October 7, 2016

Church Leaders Welcome Renewed Emphasis on Adventist Education

Church leaders from around the world are welcoming a special conference on Seventh-day Adventist education that is placing a renewed emphasis on the Bible and the writings of church cofounder Ellen G. White at a time of growing secularism.

Adventist Church president Ted N.C. Wilson urged leaders gathered for the three-day LEAD conference at the church’s headquarters in Silver Spring, Maryland, to “Stand for the Right” in leading the institutions under their charge.

Wilson said Adventist education played a key role in fulfilling the church’s mission to spread the gospel to the world.

“Seventh-day Adventist education is critical to the future mission of this church,” he told a packed auditorium at the opening of the conference Wednesday evening. “Never before has there been so much at stake for Adventist education.”

Following the speech, response was immediate and affirmative. Erton Köhler, president of the South American Division, which includes some of the denomination’s largest universities, agreed with a call by Wilson for leaders to be vigilant in protecting the unique mission of Adventist education.

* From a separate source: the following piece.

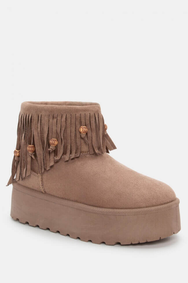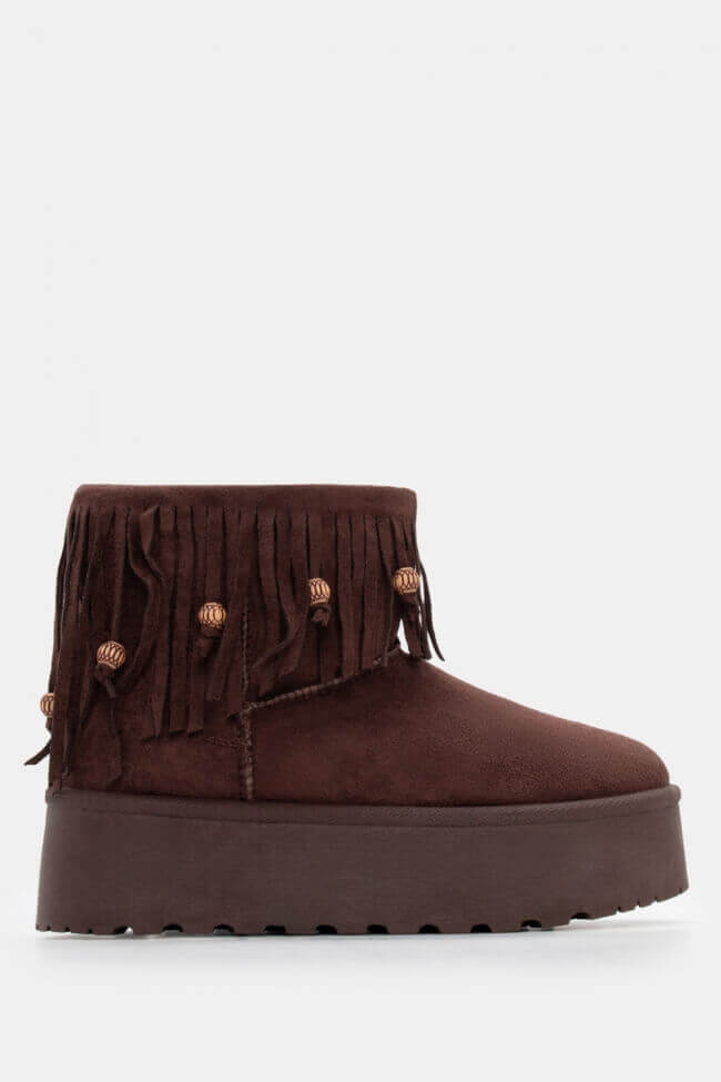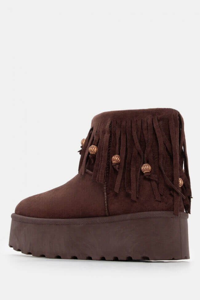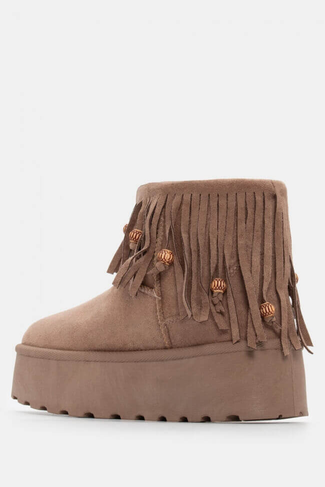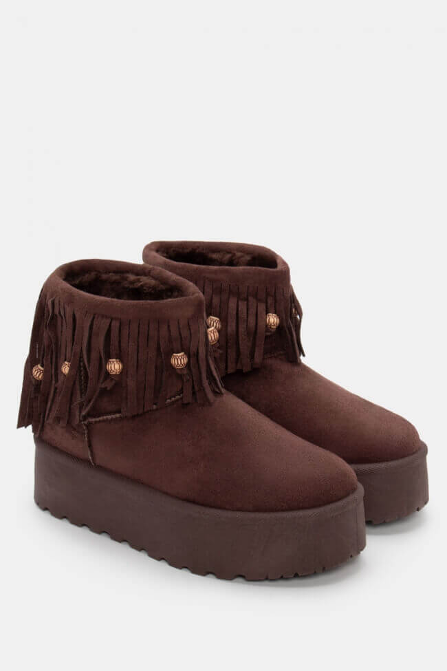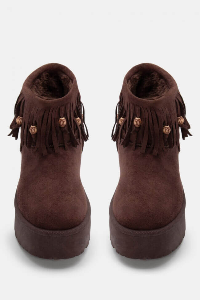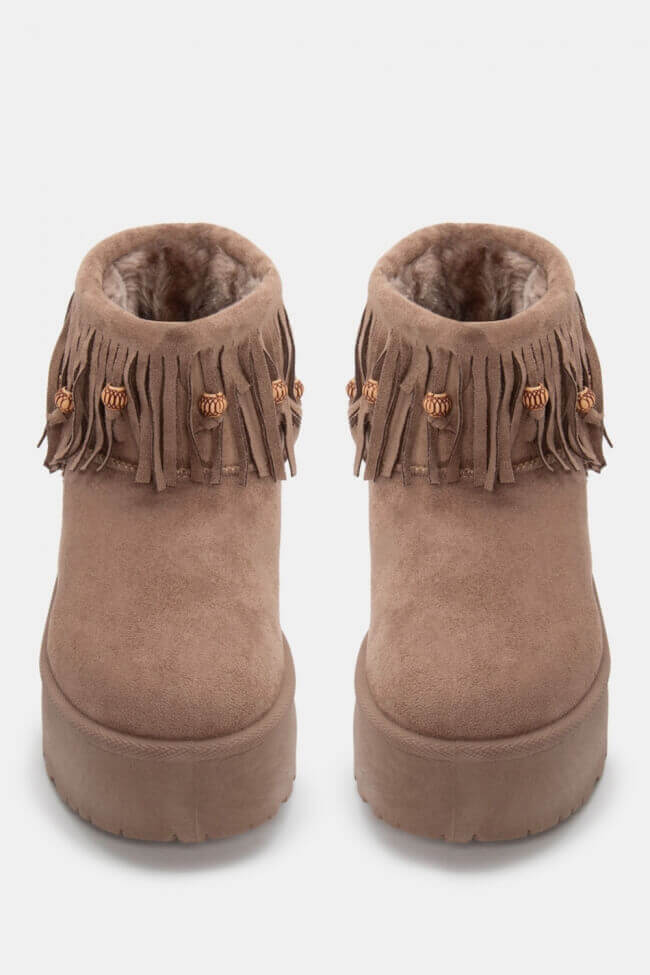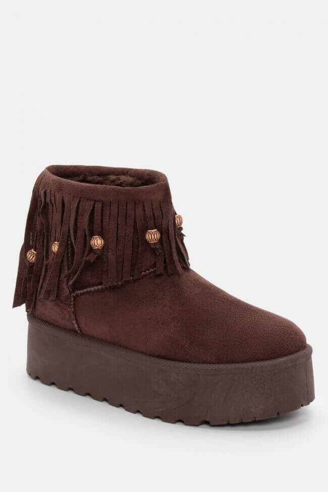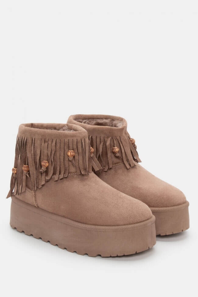 Μποτάκια Δίσολα με Εσωτερική Επένδυση Γούνας & Διακοσμητικά Κρόσσια

“I think Elder Wilson is doing his function to defend our education system,” Köhler said. “Our vision is similar in the South American Division: We are trying to protect our education from secular influences. … I think he is on the right path.”

Köhler said he hoped the young educational leadership team in his division would receive guidance in keeping Adventist education on that proper course.

“We are working together with the church, but we are feeling pressures from society, from the government, and from secularization,” he said. “My perception is that the LEAD conference needs to guide us to come back to the way of the church. We need to rediscover our roots here, and that will be very important for our leadership.”

Read also: Adventist Education Declared Worthy of Becoming Fundamental Belief No. 29

Other leaders also kept an eye toward the future in expressing hopes for the conference and its focus on educational leadership.

“I hope it will solidify for all of us leaders — many of us who are board chairmen — the importance of this, so we don’t relegate it to a kind of second-tier ministry,” said Robert S. Folkenberg Jr., president of the Chinese Union Mission, who serves as board chair of the Chinese Adventist Seminary, Hong Kong Adventist College, and Hong Kong Adventist Academy. “It should be a first-tier ministry. I’m hoping it will revive that and refocus us.”

Folkenberg said Wilson’s remarks were “right on the money” when he linked Adventist education to the church’s mission.

“I really believe that Christian education is integral to our mission, not only in the present, but into the future, in terms of training leadership,” he said.

Ricardo Graham, president of the North American Division’s Pacific Union Conference, said Wilson’s message “was very pointed, to standing up for Christian education around the world.”

“Elder Wilson values the Bible as primary and the Spirit of Prophecy as secondary, as a source of direction for our educational system,” he said. Ellen White’s writings are commonly referred to as the Spirit of Prophecy.

Graham said the combination of Wilson’s speech and a conference presentation by Adventist educator and author George R. Knight would leave an impression on attendees.

“I think you have leaders here who will resonate with Elder Wilson’s speech, and George Knight is a very, very good speaker,” he said. “He connects very, very well with a multiplicity of people.”

Larry Blackmer, the North American Division’s vice president for education, said he hoped the LEAD conference would unite religious and teaching work.

“LEAD is trying to help administrators re-engage and join the ecclesiastical and education functions into one mission,” Blackmer said.

Responding to Wilson’s remarks, he said, “I believe he has the church’s educational system in his heart and is doing his best to promote Adventist education and keep our institutions distinctly Adventist.”

Christine Burt, a lay executive committee member from the Trans-European Division, predicted that societal challenges Adventists are facing in Britain would spread soon.

“It would be good if we could get a general focus together” regarding Adventist education, Burt said. “Every country doesn’t have the issues [of secularization] we have in Britain, but they are coming, whether we are ready or not.”

David C. Spencer, president of the Southern Africa Union, said he hoped for a “new push” on education from the LEAD conference. But he said he was anxious to see the church place a renewed emphasis on youth development and not merely maintain existing educational systems.

“Resources spent on children will give more bang for the buck than money spent on maintaining systems or structures,” he said.